In 1783, with the view of providing a radical remedy for these evils, Mr. Fox, who was then Prime Minister, brought forward his famous Bill, the failure of which occasioned his resignation. Mr. Pitt, who had been the opponent of this Bill, in the following year introduced another, which laid the foundation of his celebrity, and which still continues to regulate the affairs of the East India Company. Fox’s Bill would, in fact, have been a judicial seizure; it would have placed all the Company’s property in the hands of a managing committee, who were to liquidate its debts, and dispose of all employments. The members of this Committee, appointed by the King or by Parliament, were to be irremoveable, and were to sit until they should have established the affairs of the Company on a better footing. A general outcry was raised against these propositions, which, it was said, would place important interests, vast patronage, and enormous influence, in the hands of a few individuals. It was said that the Bill was calculated to introduce a fourth power in the state, and to set up a rival to the Crown itself. Mr. Fox was even accused of a wish to establish himself permanently in office, by creating a sort of concealed sovereignty, superior to that of the King; for, Fox being at this time Minister, and having Parliament under his control, he would have appointed and ruled the proposed Committee. Through the influence of this Committee, he would have composed and governed Parliament, and with the aid of Parliament, he would have established and perpetuated the Committee; in short, there was no end to the power which he would thus have exercised. A violent clamour arose, and the King made the business a personal matter. He appealed to his own friends, to those individuals in the House of Peers who were sincerely attached to him, and regarded the measures proposed as an attack on his very existence. The Bill failed, and Fox quitted the ministry.
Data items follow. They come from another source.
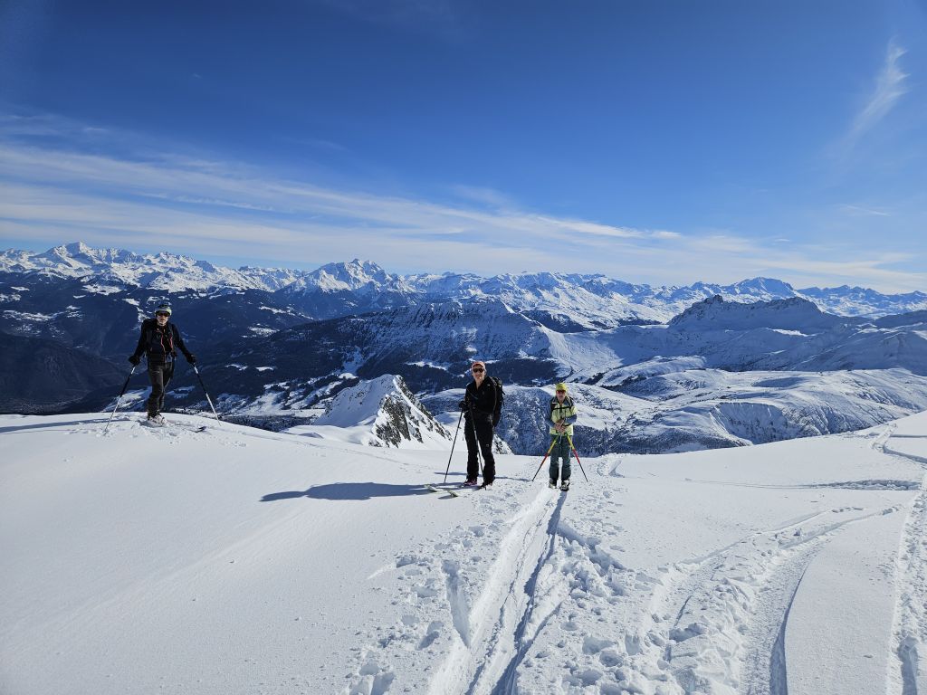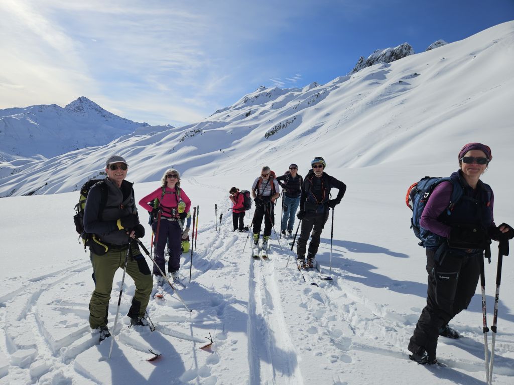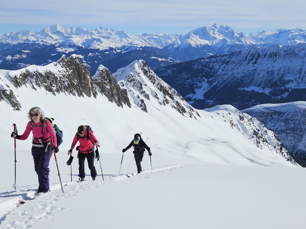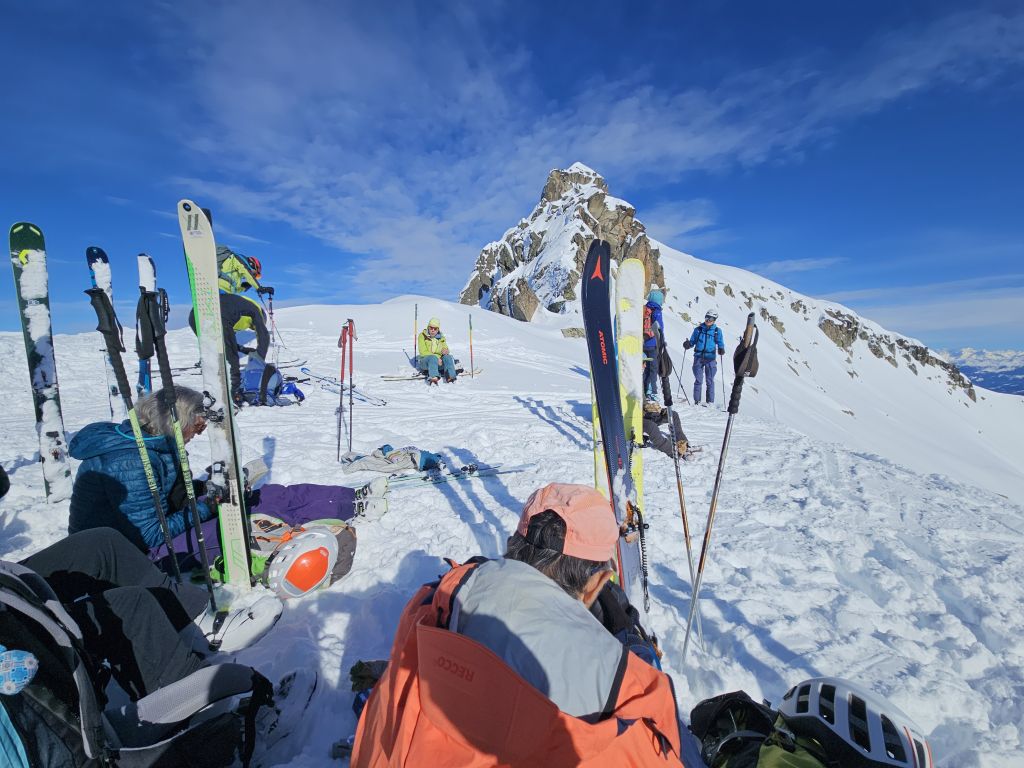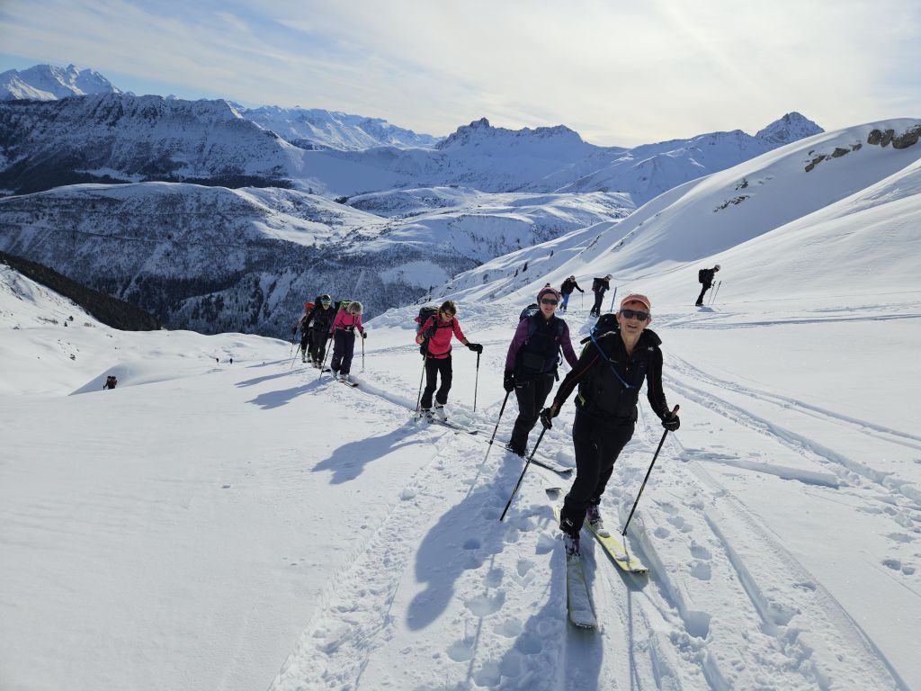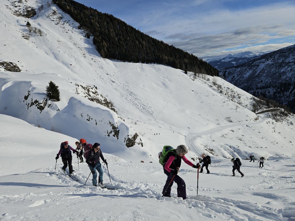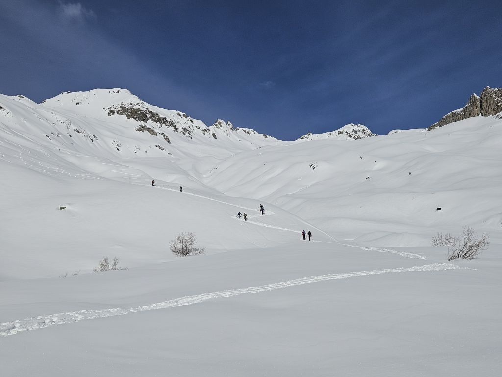 Nous étions 9 ce dimanche 1er février au départ de Celliers Dessus. Le thermomètre était à peine en dessous de zéro et le ciel légèrement nuageux. A l’arrivée en vue de la combe des Plans les contreforts enneigés du Grand Château commencent à se détacher sur un ciel qui vire au bleu. Nous ne sommes pas les seuls dans ce paysage recouvert d’une bonne couche de neige fraîche. Heureusement la trace de montée est déjà faite, il n’est pas facile d’en sortir pour doubler les groupes plus lents. Le ciel est définitivement bleu et la chaleur se fait sentir par moment. Nous progressons à un rythme régulier avec quelques pauses pour arriver au col juste avant 12h30. Nous avons bien profité du soleil et du panorama pour manger avant qu’un petit vent ne se lève et le ciel se voile légèrement. Nous commençons alors une descente où tout le monde peut faire sa trace dans une neige bien préservée et encore poudreuse suivant l’exposition.
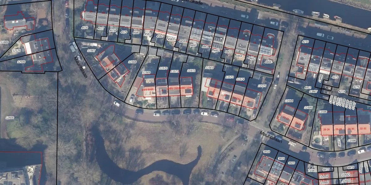 Mauritslaan 12-HS is gelegen op kadastraal perceel ASV00H11572. Deze kadastrale aanduiding is uniek en wordt gebruikt door het Kadaster om eigendomsrechten en andere zakelijke rechten vast te leggen. Het perceel maakt onderdeel uit van de kadastrale gemeente Amstelveen.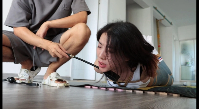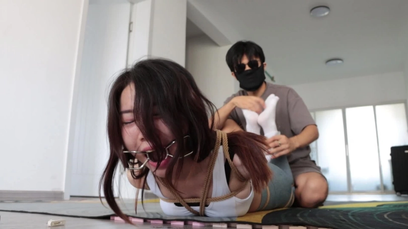 口球下场,开口器上来,夹子夹住嘴唇,,接着欧式直臂缚驷马倒攒蹄的美女趴在地上,男子脱了她的运动鞋后,压在她身上,挠她脚心,美女快乐棒怼两股中间,还不开心快乐!女子享受到呜呜并喘息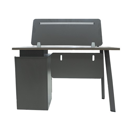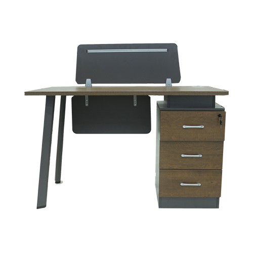 مكتب خشب بني، بتصميم مدمج وعملي يتضمن وحدة أدراج لتخزين الملفات و المستلزمات بشكل منظم، بينما يوفر الحاجز الأسود الخصوصية لمزيد من التركيز والراحة، مكتب خشب بني مثالي لمكاتب العمل والبيئات التجارية، ويجعل مساحة العمل تتميز بالانتظام والفاعلية.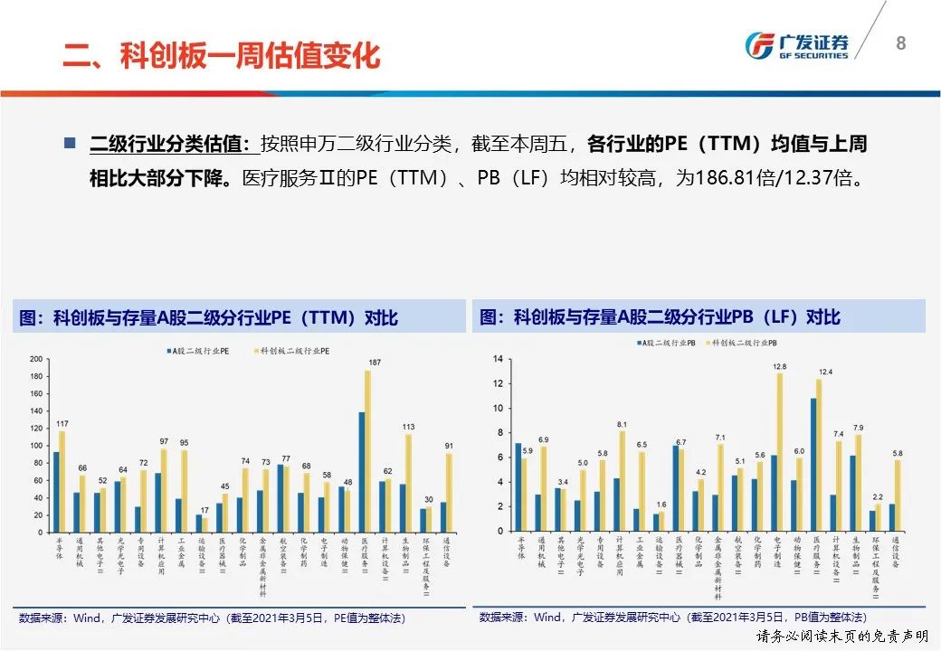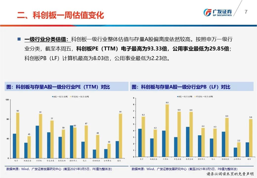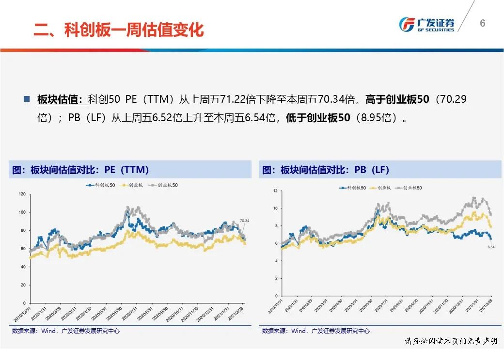 一周估值变化:(1)科创50 PE(TTM)从上周五71.22倍下降至本周五70.34倍;(2)科创板PE(TTM)电子最高为93.33倍,公用事业最低为29.85倍。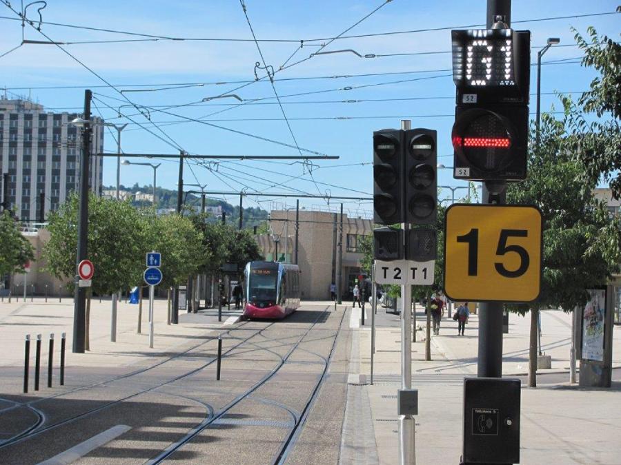 Vue sur le terminus « DIJON Gare » du T1 depuis le bout du quai de la station « Foch Gare » commune aux lignes T1 et T2. Photo prise le dimanche 30 août 2015. Copyright : Edouard Paris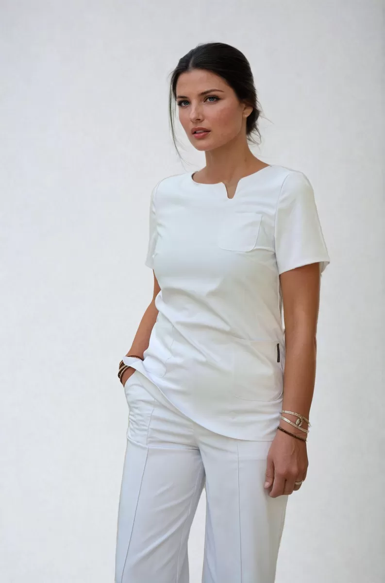 Elegant top with short sleeves.Three convenient pockets: two big pockets on the sides and one small breast pocket suitable for holding pens.
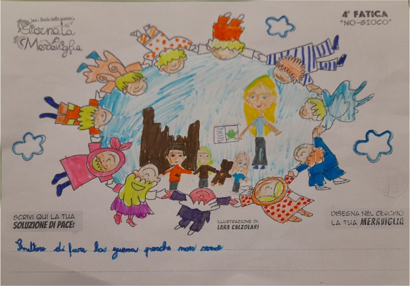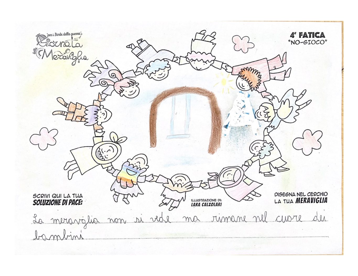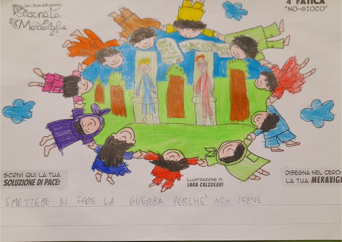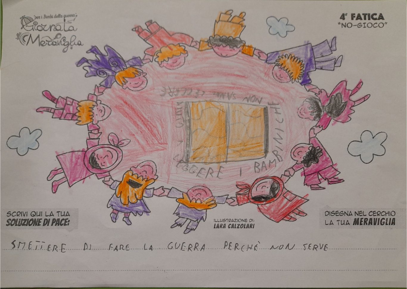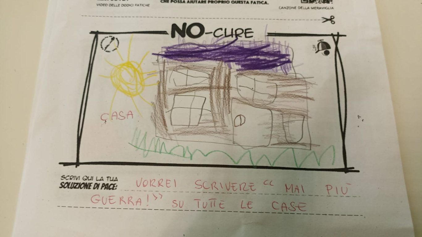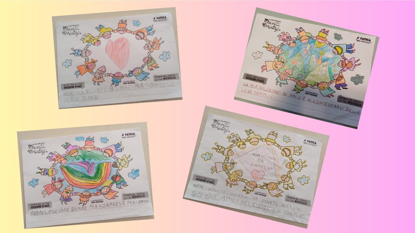 L’opera di sensibilizzazione si si esprime concretamente con la creazione di un DISEGNO DELLA MERAVIGLIA che andrà ad aiutare una delle 12 fatiche. Allo stesso modo chiederemo a tutti i partecipanti di andare a scrivere una “Soluzione di Pace” che possa aiutare anch’essa una delle 12 fatiche dei Bambini della guerra.

Pitt was more adroit, and assumed the appearance of greater moderation. In his Bill, he merely contented himself with placing the Company under a sort of guardianship; submitting all its operations to a Committee appointed to revise and counter-sign them. He left to the Company the power of nomination to all employments; but reserved to the Crown the appointment of the Governor General, and the veto on all other nominations. This Committee, which was appointed by the King, formed a new branch in the administration. Complaints were now raised against the vast increase of influence which this measure would give to the royal authority, and which, it was affirmed, would infallibly break the constitutional equilibrium. Fox had been reproached with having wished to keep this influence wholly apart from the King; and Pitt was accused of having placed it entirely in his hands. All that the one had desired to do for the people, it was said the other had done for the monarch. Indeed, these two distinct characters, these two opposite evils, constituted the whole difference between the two Bills, which produced a decisive battle between the Whigs and Tories. Mr. Pitt gained the victory, and the Tories triumphed.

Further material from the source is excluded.